Очень вежливо, вкрадчивым голосом Лот осведомился о здоровье Говорова. Да, мы рады, что вы чувствуете себя лучше. Да, мы очень озабочены вашей судьбой. Дочка приехала из Москвы? Да, мы в курсе. Понимаем, вам будет тяжело. Мы бы всей душой, но французский закон, он жесток. Восстановить вас на работе через год? Пока маловероятно, но мы подумаем об этой возможности. Мы бессильны, на Радио нет денег. Да, разумеется, если увеличат бюджет, мы вспомним о вас в первую очередь. Увы, конкретно я ничего не могу обещать. А почему вам не попробовать на «Голосе»? Есть прекрасные курсы английского языка. Нам самим обидно терять опытного журналиста. Конечно, мы еще раз все обсудим. Ваша жена в госпитале? Передайте ей. Мы надеемся. Держитесь. Не падайте духом. Наилучшие пожелания. Звоните мне когда угодно. Это вам спасибо. Всегда к вашим услугам.

Лот положил трубку. Уф! Уин сделал ему сочувственную гримасу, а Пелл снисходительно поаплодировал с небес.

* * *

Пожалуй, именно с этого времени Говоров стал выделять в парижской толпе – в магазинах, в метро, на улице – людей, которых он раньше не замечал. Не по одежде – одеты они были, как все, прилично или небрежно – а по некоторой замедленности в движениях и затаенному страху, растерянности в глазах Говорову казалось, что они его тоже узнавали, как по особым приметам узнают друг друга члены тайного ордена или больные неизлечимой болезнью.

Пожалуй, именно с этого времени им овладело беспокойство, но без свойственной герою Пушкина охоте к перемене мест. Когда-то Говоров любил путешествовать, он объездил на машине пол-Европы – теперь призывы туристских агентств провести отпуск на Канарских островах или уик-энд в Пицце воспринимались как издевательство. Говоров еще приходил в бюро и, лишь сидя за своим столом, занимаясь привычным делом, обретал некоторую уверенность. Но это тоже было как транквилизаторы, как снотворное, на несколько часов. Его кабинет, его работа – это уже не принадлежало ему, вот-вот будет отобрано. Затянувшееся прощание, как с Аленой и Лизой, которые пока присутствовали в его жизни и, может, не догадывались, что должны будут уехать, но Северный вокзал и вагон Париж – Москва маячили невдалеке. Верный признак конца: телефон на его рабочем столе – обычно он подпрыгивал, как чайник на огне, выплевывая трели звонков, – нынче он нехотя чирикал пару раз в день. Изменились интонации голосов его собеседников. В течение десяти лет русский Париж отвечал ему с радостной готовностью – звонок от Говорова означал предложение заработка. Сейчас с ним разговаривали, как со служащим похоронной конторы – скучные фразы, вздохи, соболезнования.

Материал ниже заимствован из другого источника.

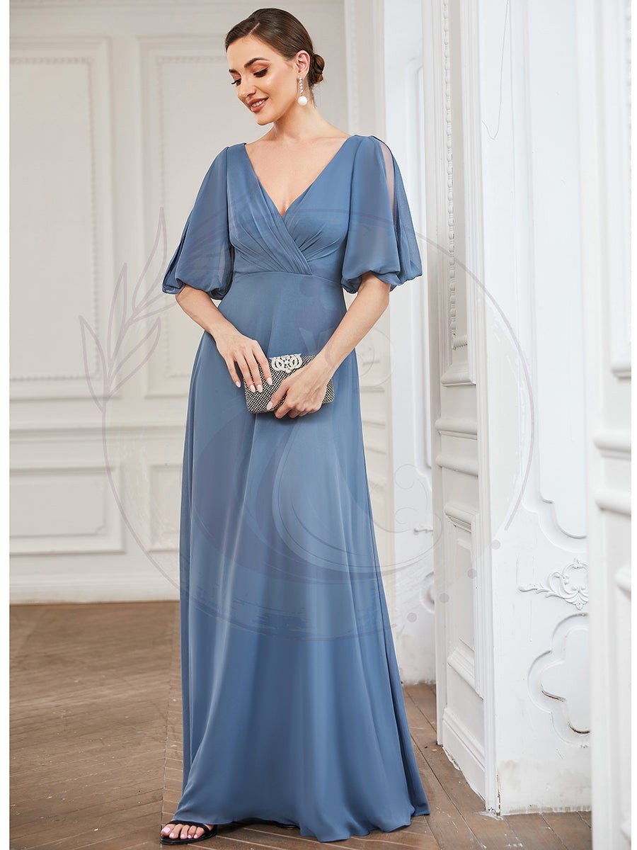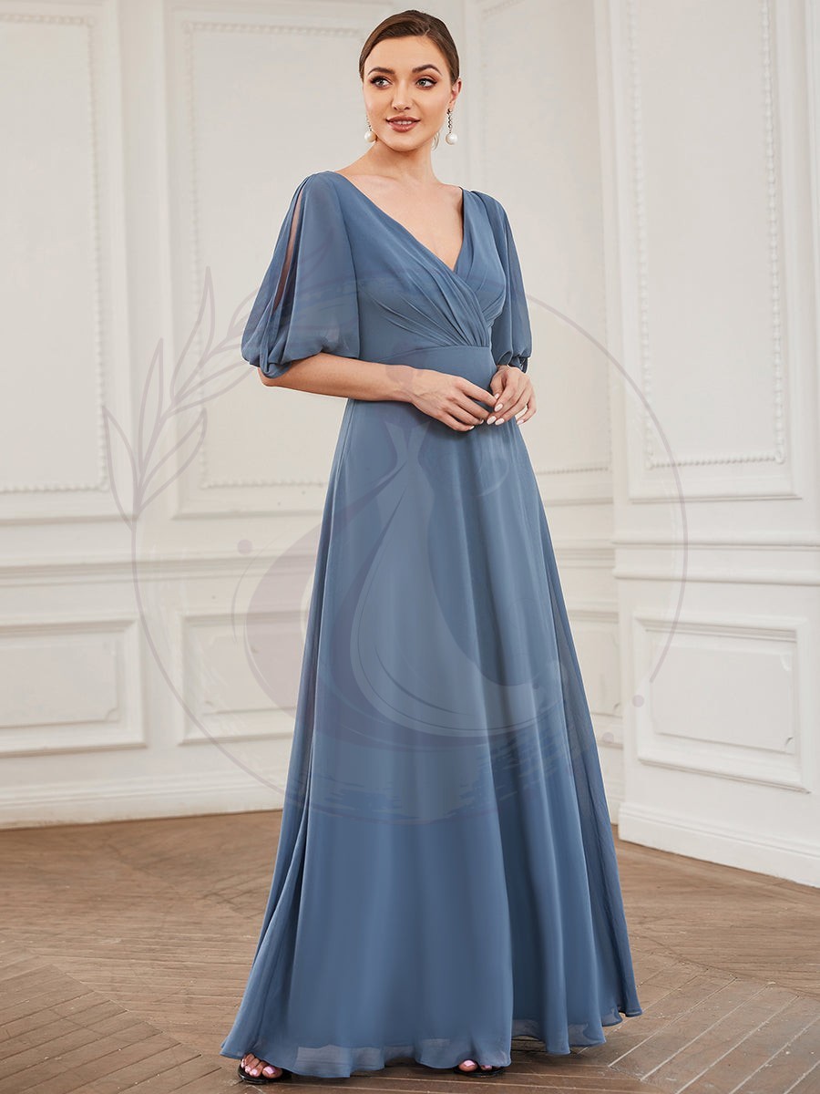 Robe mère de la mariée plissée Manches fendues Col V Mousseline

…Странный был сосед в доме Говорова. Деловитый, решительный господин что-то постоянно перетаскивал из багажника в багажник своего автомобиля, часами мыл, драил, чистил кузов, садился за руль, прогревал мотор – и никуда не уезжал. Говоров считал его тихим сумасшедшим, и вот недавно, здороваясь, встретился с ним взглядом… Нет, какой же он псих! Это будущее Говорова.

Кира выписалась из госпиталя, но была очень слаба. Ее приходилось возить туда на консультации и анализы. Девочки перебрались в свою квартиру, и Говоров метался между двумя домами – покупал продукты, переносил книги, вещи, кастрюльки с едой (что-то вкусное Кира и Алена соответственно пересылали Лизке и Денису), укладывал спать, целовал носы, рассказывал сказки взрослым и детям. В бюро он почти не заглядывал, все свободное время отнимали домашние заботы. Иногда Говоров себя спрашивал: как же он раньше умудрялся еще и работать?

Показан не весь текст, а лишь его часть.